Danielle Baron Atkins

Danielle Baron Atkins is an American Israeli painter and sculptor working in Brooklyn and Woodstock, NY. Her work examines the female form as well as the many roles of women in our contemporary society. She abstracts, dissects, and exaggerates the female form utilizing discarded items from her household and most recently Israeli made products. 

The women she depicts sit and stand in suggestive poses, often wearing stilettos. These anonymous figures exude sexuality, fertility, and motherhood. She utilizes a juxtaposition of delicate, stereotypically “feminine” colors with repetitive, aggressive, graffiti-like markings. Danielle repurposes remnants of her children’s discarded belongings such as broken headphones (used during school lockdowns), worn out crocks and skateboarding sneakers, underwear bands that have lost their elasticity, socks and mittens that have abandoned their partner, candy wrappers, torn vintage comic books found under her children’s beds, old cookbooks, pill bottle tops, cardboard packages, and junk mail to accentuate her underlying themes. 

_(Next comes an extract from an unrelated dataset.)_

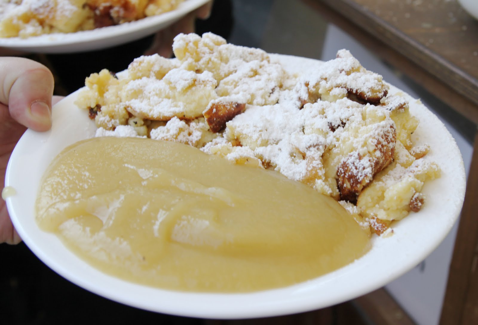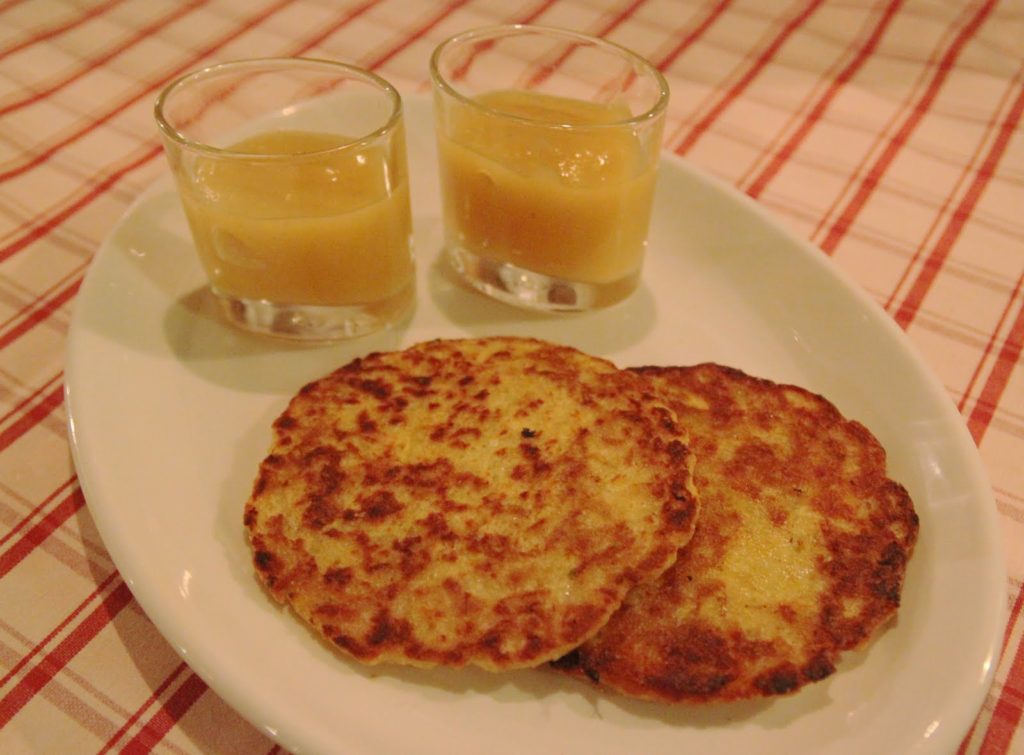 Voici les Kartoffel Puffer. Des galettes de pommes de terre salées, servies avec de la compote de pomme.

Motherhood has deeply affected her art making process. Danielle’s sharp observations of the roles and struggles of women create an ever-evolving definition of womanhood. 

Artistic discipline:

Painting, collage and sculpture 

Project vision: 

After October 7th, 2024, I was not sure how to keep making art. Everything had changed. I was not the same person I was on October 6th.  I decided that I would make my female forms from Israeli products in honor of my Israeli heritage.  I traveled to Israel to see my family, volunteer, and collect everything I could get my hands on.  I dug through recycling in the back of the German Colony, went to grocery stores, and asked for fruit boxes and kept all of the wrappers from everything we used – granola bars, soda tops, maps, napkins, salt, pepper and sugar packets.  Anything that had Hebrew writing I stored in my backpack. I am in the process of creating female forms from these Israeli objects. 

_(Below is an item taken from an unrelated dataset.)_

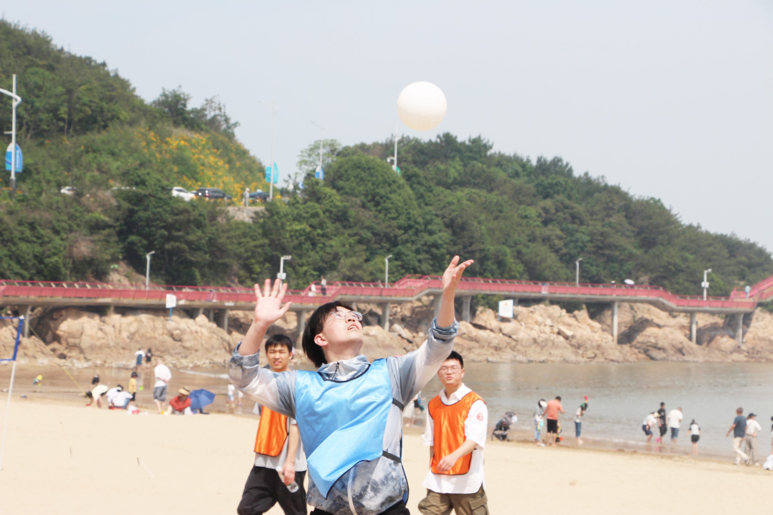 清涼的海風、跳躍的動作、揮灑的汗水、緊張的賽程,一場激烈的沙灘排球和兩人三足正在上演著,球場上的隊員在陽光下盡情跳躍、墊球、扣球;沙灘上的伙伴搭著肩、攬著腰,奮力奔跑,小小的繃帶,緊靠的臂膀,見證著心與心的團結?,F場充滿了加油吶喊聲,大家勠力同心、放松心情,共同收獲幸福喜悅。
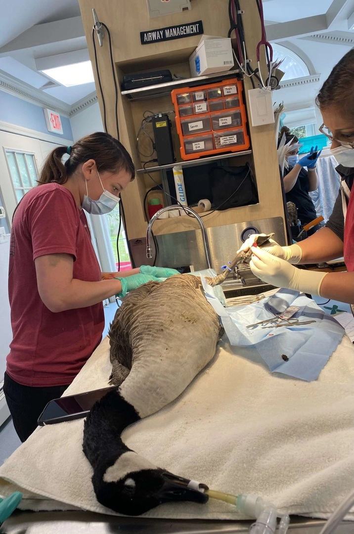 На этой неделе сотрудники центра дикой природы Cape Wildlife в Массачусетсе (США) заметили, что у дикого гуся по кличке Арнольд, который живет на пруду неподалеку от центра, возникли проблемы с ходьбой. Они обнаружили у гуся травму лапы и забрали его в клинику на лечение.

 I’m very interested in delving into Jewish texts to find wisdom, inspiration and purpose all through the lens of CHANGE.  I would like to continue investigating the concept of CHANGE by asking myself the following questions as I make art: How has my relationship with my children changed as they are growing older and more independent? How has my relationship with my family changed as we have all experienced the aftermath of October 7th?  How has my relationship with Judaism changed in the past year? How has my interaction with found objects changed this year? What does it mean to be a proud Israeli when so many people don’t think Israel should exist? How does the meaning of objects change when they are no longer used for their original purpose? How do we change to make change? 

I would like to make a series of large scale (approximately 6’x4’) female forms using discarded objects from Israel intertwined with leftover objects from my home and Hebrew prayers to honor those who were killed and brutalized this past year. The past four months I have been exploring the use of clay to create abstracted heads. I would like to see how to merge these two ideas.   

I require large canvases, a staple gun, glue and the objects that I have amassed. I am always looking for more boxes and wrappers from Israel. I am currently spending about six hours a week out of my painting studio working in a clay studio where they provide the clay, glaze, and firing.